You can change the search on this detailed list view to search for other names of a selected entity type. For example, if you worked through the steps in the Quick Start to create a schema for the employees topic, search for employees in schemas. (Make sure you clear any other filters like tags that may not match the employees schema.)

../_images/dg-global-search-schemas-filtered-list-new.png

Tagging Data and Schemas

Stream catalog features enables entity tagging. Tags are searchable like any other entity.

A fundamental aspect of governance is the ability to organize data based on a shared vocabulary, including multiple concepts and categories. Confluent Cloud now provides the option to create and apply tags to schemas and fine-grained entities like data records and fields. On this version of Confluent Cloud, you can:

  • Create instances of provided tags (Public, Private, Sensitive, PII) and custom (“free form”) tags
  • Associate tags with schema versions, records, and fields
  • Apply multiple tags to a single field, record, or schema version

Important

Tag definitions created with the Confluent Cloud CATALOG API (V1) are currently not accessible through the Confluent Cloud Console for search, update, and so on. Tags created through the API must be managed through the API, as described in Stream Catalog REST API.

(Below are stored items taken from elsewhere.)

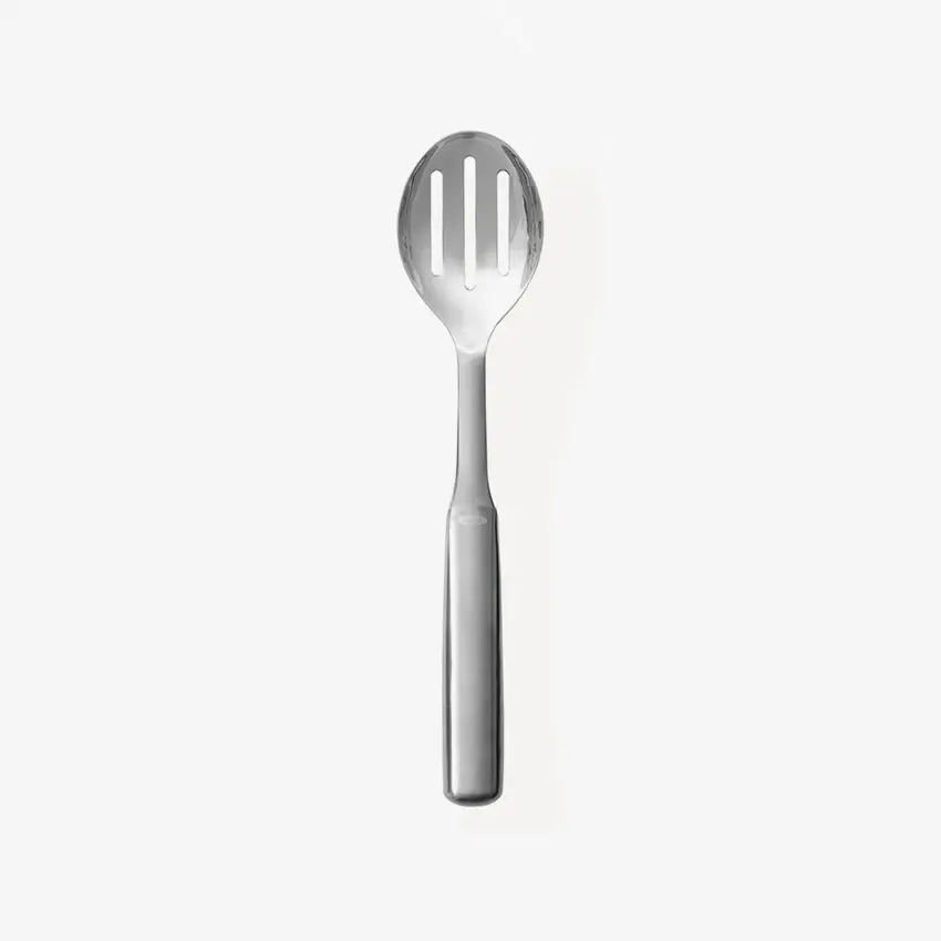 Meet your new favorite kitchen-to-table tool: The OXO Slotted Serving Spoon. It can stir soups, pull potatoes out of boiling water, strain vegetables, serve meatballs, and more. The sturdy stainless steel construction can stir up even the thickest stews, and lift heavy pieces of meat from a pot. The slots have been thoughtfully placed to allow liquid to drain through without making a mess. And the handle was designed with comfort in mind. Use it at the stovetop and around the dining room table
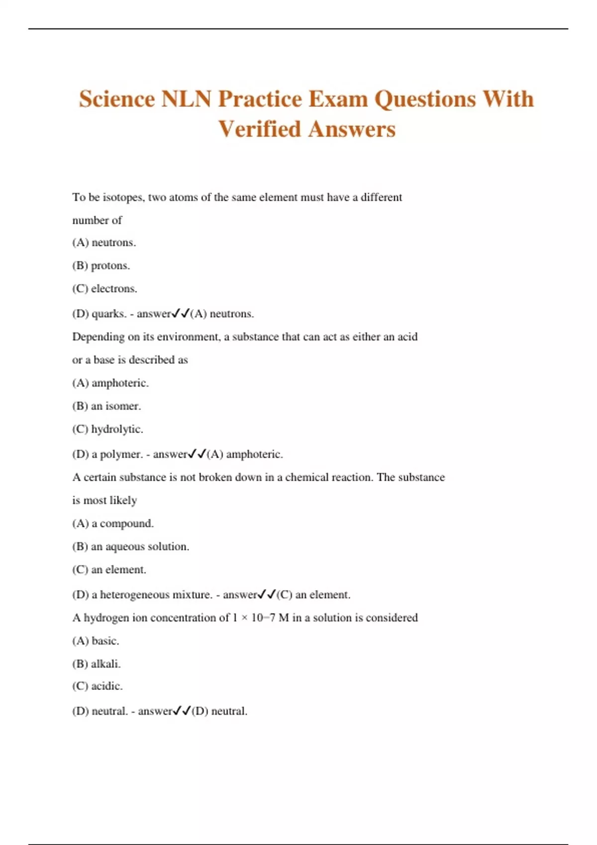 Science NLN Practice Exam Questions With Verified Answers To be isotopes, two atoms of the same element must have a different number of (A) neutrons. (B) protons. (C) electrons. (D) quarks. - answer(A) neutrons. Depending on its environment, a substance that can act as either an acid or a base is described as (A) amphoteric. (B) an isomer. (C) hydrolytic. (D) a polymer. - answer(A) amphoteric. A certain substance is not broken down in a chemical reaction. The substance is most likely (A) a compound. (B) an aqueous solution. (C) an element. (D) a heterogeneous mixture. - answer(C) an element. A hydrogen ion concentration of 1 × 10−7 M in a solution is considered (A) basic. (B) alkali. (C) acidic. (D) neutral. - answer(D) neutral. The radioactive isotope I-131 has a half-life of 8 days. What fraction of a sample of I-131 will remain after 24 days? (A) 1⁄4 (B) 1⁄16 (C) 1⁄8 (D) 1⁄2 - answer(C) 1⁄8 Which of the following particles/rays is not a type of radioactive emanation? (A) alpha particle (B) beta particle (C) gamma ray (D) carbon-12 - answer(D) carbon-12 The strongest acid can be found in which of the following pH ranges? (A) 11.1−12 (B) 7.1−8.2 (C) 4.5−5.7 (D) 1.0−2.0 - answer(D) 1.0−2.0 The symbol K on the periodic table stands for (A) potassium. (B) calcium. (C) carbon. (D) phosphorus. - answer(A) potassium. Which of the following reactions releases heat energy? (A) double replacement (B) decomposition (C) endothermic (D) exothermic - answer(D) exothermic Which gas law states that the volume of a gas is inversely proportional to the pressure?
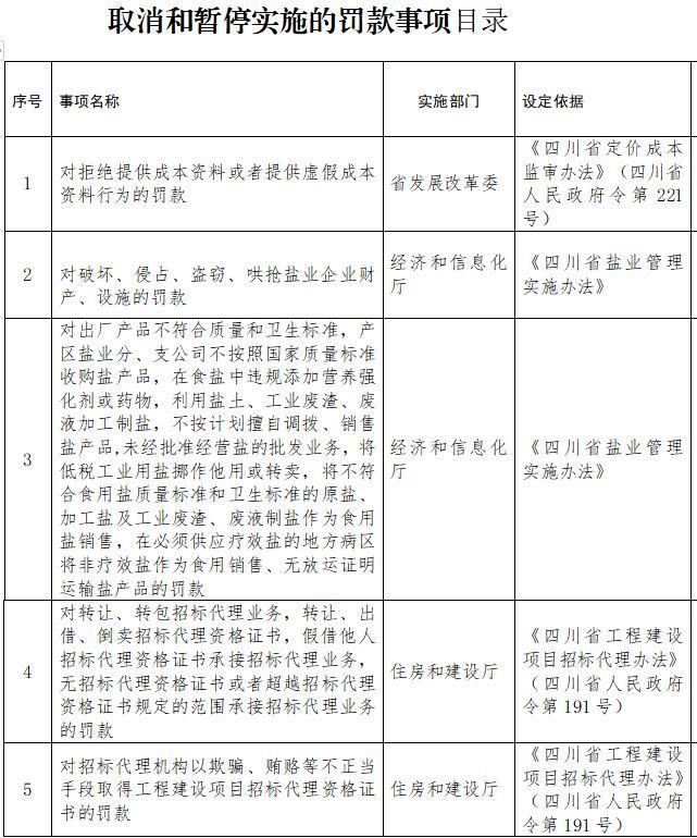汇总所有意见建议后,《四川省人民政府关于取消和暂停行使一批罚款等事项的决定(征求意见稿)》决定取消和暂停行使25项罚款事项,其中取消19项,暂停行使6项。罚款事项取消和暂停行使后,依照法定程序修订相关省政府规章。
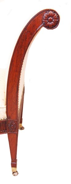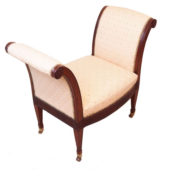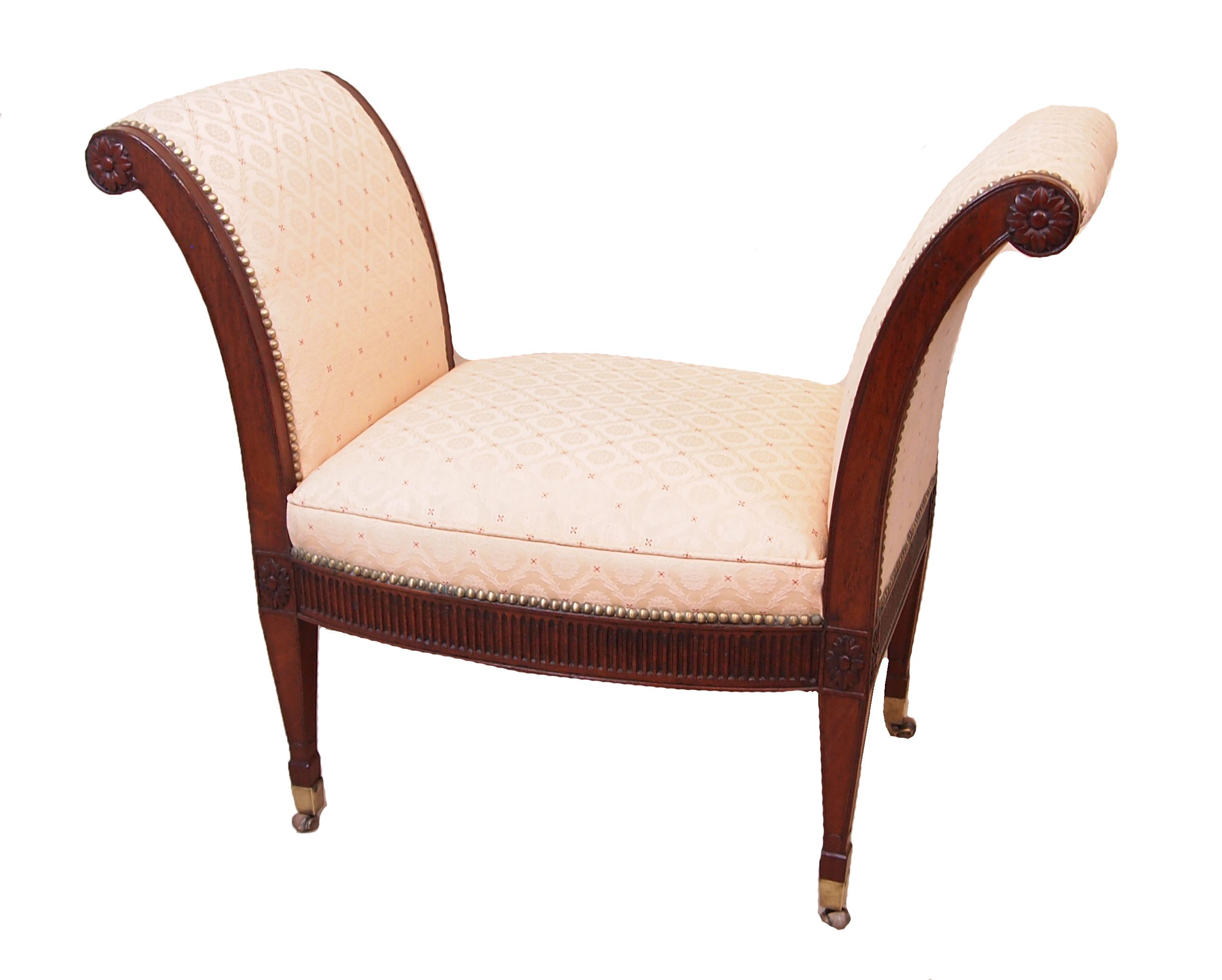 Mahogany & Upholstered Window Seat Having Double Scroll

How tags work with schema versioning

When you apply tags, you always apply them to a particular version of a schema. As you modify schemas, they evolve to newer versions. Tags that you applied to previous versions of a schema are automatically propagated to new versions.

For example, if you applied the tag my_stocks starting with version 2 of a schema, that tag would propagate to versions 3, 4, and so on, but version 1, which never had the my_stocks applied, would not be tagged, unless you went back and explicitly added it to version 1.

Create tags

To create a tag:

  1. Navigate to the Schema Registry tab on the settings for a selected Environment.

    ../_images/dg-tags-view-manage.png
  2. Click View & manage tags.

  3. Click Create tag, select either free-form or commonly used tags.

    • If you chose commonly used tags, select one or more tags that you want to create. (PII, which is personally identifiable information, Sensitive, Private, Public).
    • If you chose free-form, provide a tag name and optional description. Tag names must start with an alphabetic character, and can then include alpha characters, numbers and underscores.
    ../_images/dg-tags-name-rules.png

    When the name and description is properly filled in, the Create button is active. Click Create to create the tag with the current name and description.

    ../_images/dg-tags-create.png
  4. View available tags.

    After a tag is created, it shows in the list under Tag management.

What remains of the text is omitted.